WHAT IS REQUIRED:
Your output should be the lines below from the one holding "Tags: Athens National" through the one holding "会上,彭青和围绕党的二十届四", transcribed exactly, with no pictures.
Start of TASK INPUT
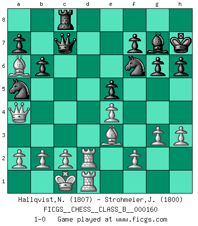 Last move : 1-0 2012 February 5 17:59:6 [Event "FICGS__CHESS__CLASS_B__000160"] [Site "FICGS"] [Date "2011.11.02"] [Round "1"] [White "Hallqvist,Niklas"] [Black "Strohmeier,Josef"] [Result "1-0"] [WhiteElo "1807"] [BlackElo "1800"] 1.d4 Nf6 2.g3 g6 3.Bg2 Bg7 4.e4 d6 5.Ne2 O-O 6.Nbc3 c6 7.Bg5 h6 8.Be3 Nbd7 9.Qc1 Kh7 10.h3 e5 11.dxe5 dxe5 12.Qd2 Qe7 13.O-O-O b6 14.Qd6 Re8 15.Qxc6 Ba6 16.Rhe1 Rac8 17.Qa4 Bxe2 18.Rxe2 Nb8 19.Nb5 Nc6 20.Nd6 Red8 21.Nxc8 Rxc8 22.Red2 Na5 23.Bf1 Qc7 24.Ba6 1-0 Queen's pawn game Kingside Castling by player Black (move 5) Queenside Castling by player White (move 13) Player White won this chess game. Follow this game move after move (download)It is no time to be playing Chess when the house is on fire. (Italian Proverb) Die Partien sind immer verschieden, die Interviews immer die gleichen. (Garry Kasparov) El Ajedrez es un cuento de Hadas de las 1001 metidas de pata. (Savielly Tartakower) Ce qui caractérise les parties de combat, c'est que si le défenseur a constamment de difficiles problèmes à résoudre, l'attaquant doit chercher sans relâche de nouvelles possibilités d'attaque. (Koblentz) The next best thing to gambling and winning is gambling and loosing. (Nick Dandalos)
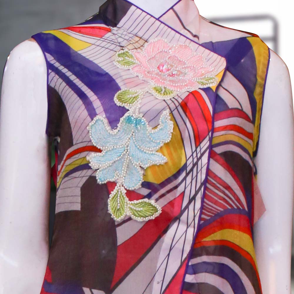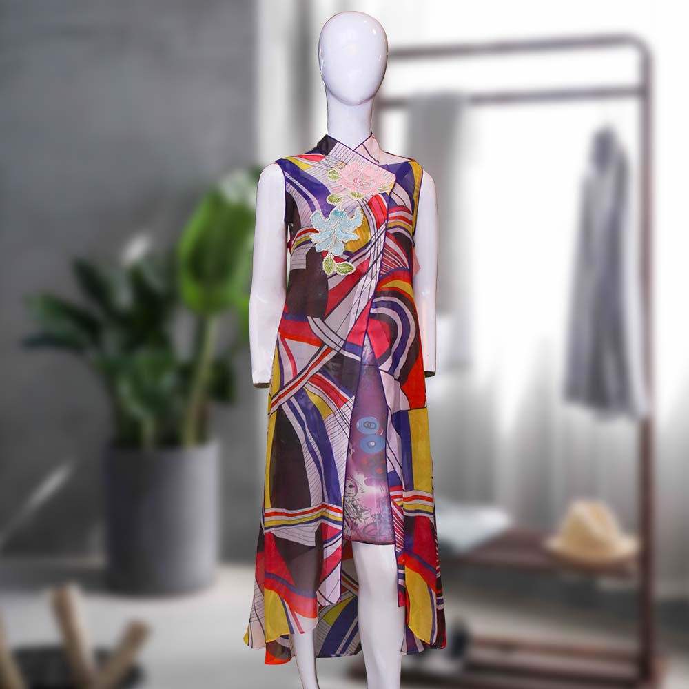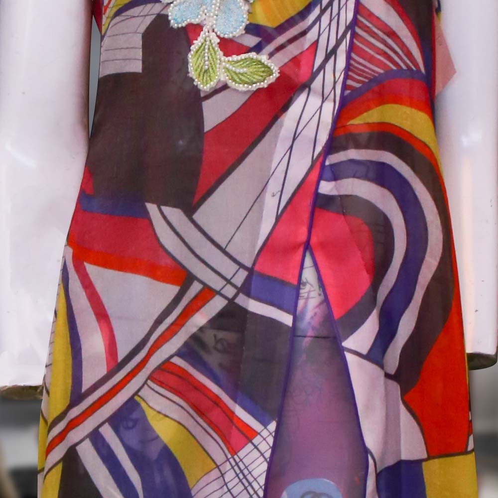 Multi-colored angrakha adorned on printed chiffon with delicate motif work. This versatile dress can be worn on any semi-formal event.
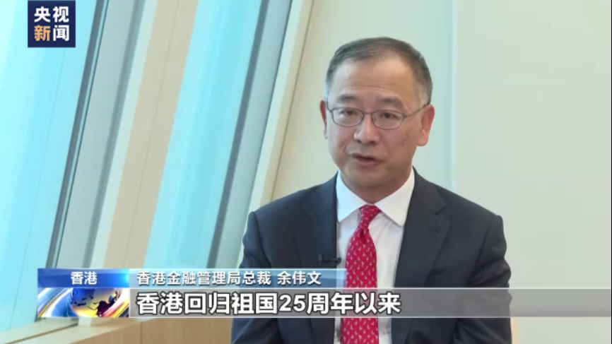 香港金融管理局總裁 余偉文:香港回歸祖國25周年以來,其實香港的金融市場規(guī)模就增加了非常非常多,我們非常獨(dú)特的優(yōu)勢,就是我們背靠祖國,面向國際。我們從很久以來都是擔(dān)當(dāng)一個國際跟內(nèi)地市場的橋梁,所以我看這兩個部分,繼續(xù)保持我們香港金融系統(tǒng)的穩(wěn)定,第二就是把握好國家開放給香港帶來的不同的商機(jī),我覺得就是我們最應(yīng)該做,最能做去貢獻(xiàn)于“一國兩制”有利的發(fā)展的一個地方。
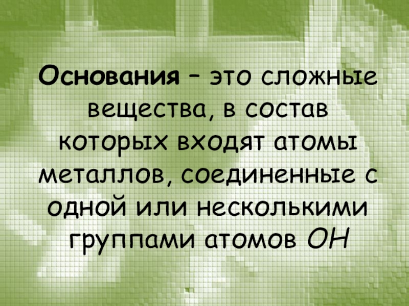 Основания – это сложные вещества, в состав которых входят атомы металлов, соединенные с одной или несколькими группами
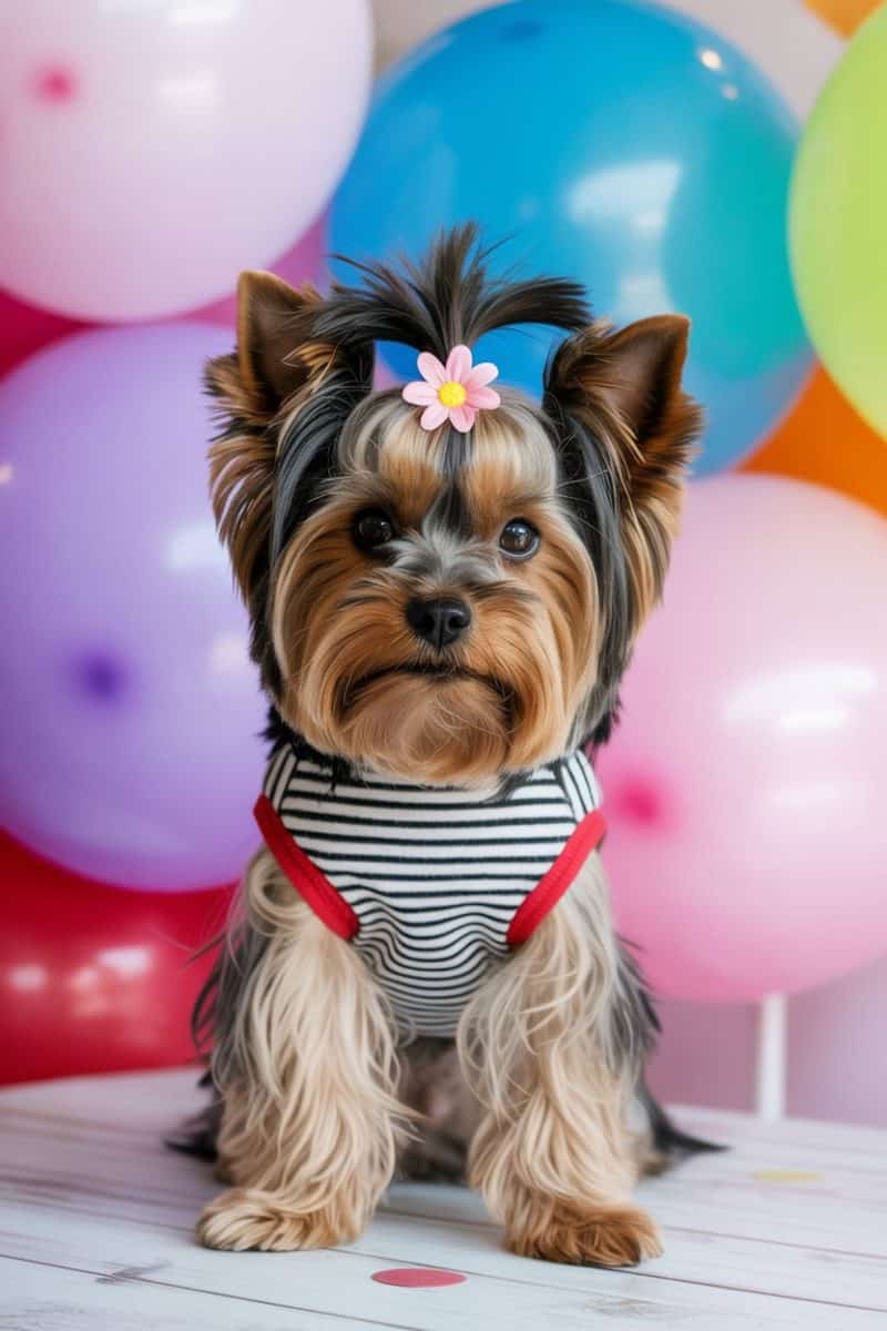 Yorkshire Terriers look adorable when dressed up! This little pup in a striped outfit and a cute hair accessory is a perfect example. Their playful personalities shine even brighter in fun costumes.
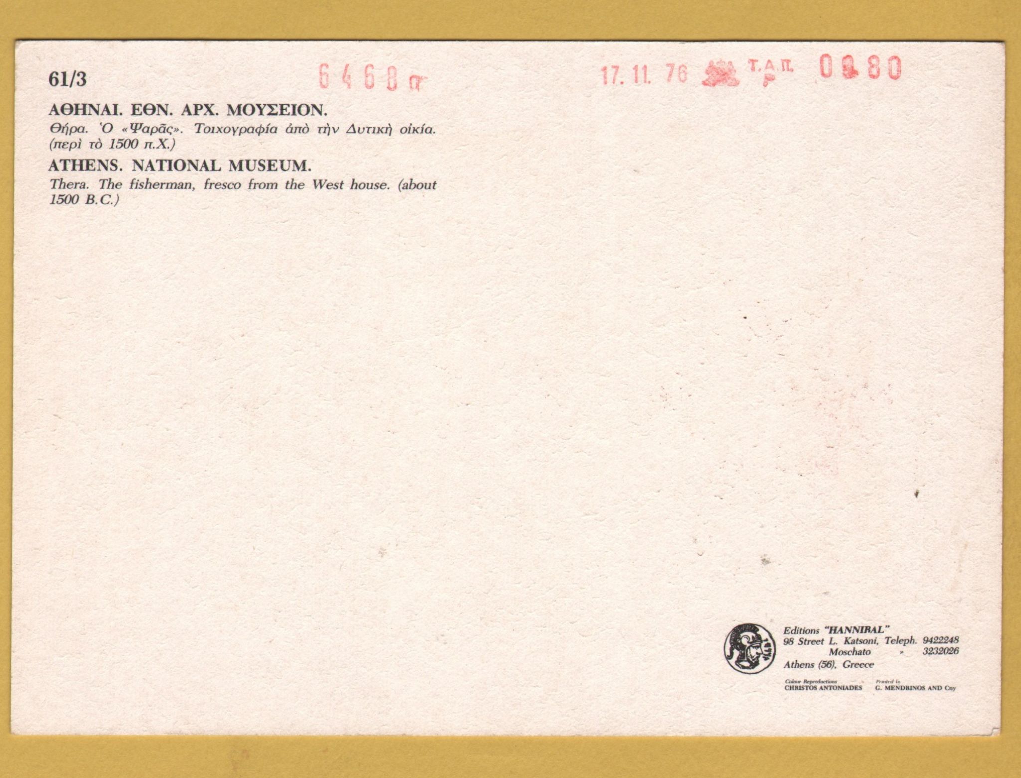 Tags: Athens National Museum, THERA, The Fisherman:Unused, Hannibal Postcard.
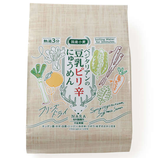 【内容量】ベジタリアンのにゅうめん(醤油60g 1食、塩66g 2食、豆乳ピリ辛98g 2食)5食セット
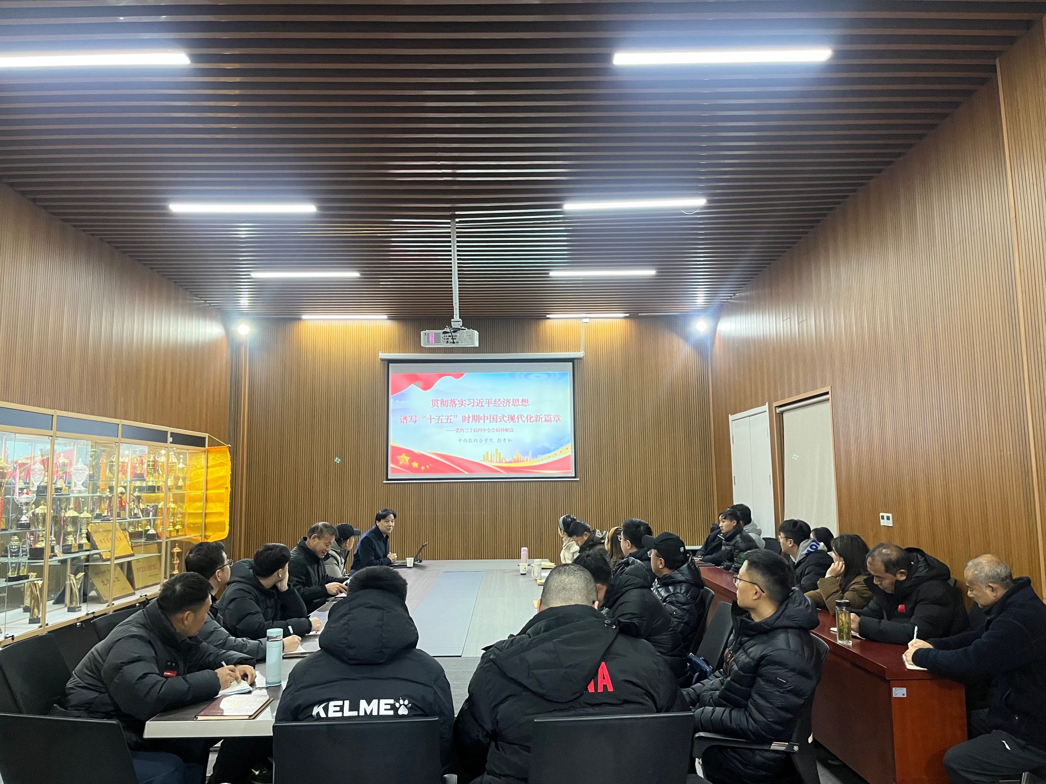 会上,彭青和围绕党的二十届四中全会精神,以“贯彻落实习近平经济思想谱写‘十五五’时期中国式现代化新篇章——党的二十届四中全会精神解读”为主题,从“十四五”规划完成情况、国内外形势与中国式现代化任务以及“十五五”规划主要内容三大部分内容展开宣讲。宣讲中他结合学院专业建设,建议体育健康学院立足自身特色,在健康中国、体育强国建设中找准定位,积极探索具有学院特色的高质量发展路径,让学院发展与国家发展大局同向同行。
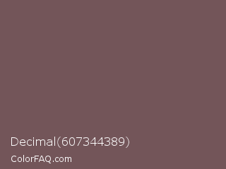 Decimal 607344389 Color is a normal red color and the nearest color is Russett #755a57. Hex code #735559 and RGB value is rgb(115,85,89). In RGB color space, this color is composed of 45% red, 33% green, 35% blue, In CMYK color space, this color is composed of 0% cyan, 26% magenta, 23% yellow , 55% black , In HSL color space, this color has a hue angle of 352° , 15% saturation and 39% lightness.
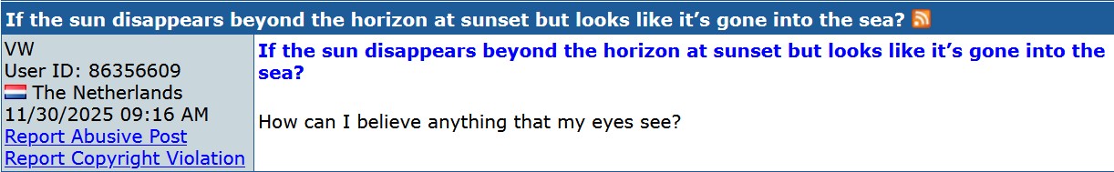 Сегодня какой-то пользователь GLP из Голландии, предположительно один из культистов Плоской Земли, сообщил братьям по вере, что по ходу заката Солнце погрузилось прямо в море и чувак просто не мог поверить своим глазам.
End of TASK INPUT
RESULT:
 Tags: Athens National Museum, THERA, The Fisherman:Unused, Hannibal Postcard.
 【内容量】ベジタリアンのにゅうめん(醤油60g 1食、塩66g 2食、豆乳ピリ辛98g 2食)5食セット
 会上,彭青和围绕党的二十届四中全会精神,以“贯彻落实习近平经济思想谱写‘十五五’时期中国式现代化新篇章——党的二十届四中全会精神解读”为主题,从“十四五”规划完成情况、国内外形势与中国式现代化任务以及“十五五”规划主要内容三大部分内容展开宣讲。宣讲中他结合学院专业建设,建议体育健康学院立足自身特色,在健康中国、体育强国建设中找准定位,积极探索具有学院特色的高质量发展路径,让学院发展与国家发展大局同向同行。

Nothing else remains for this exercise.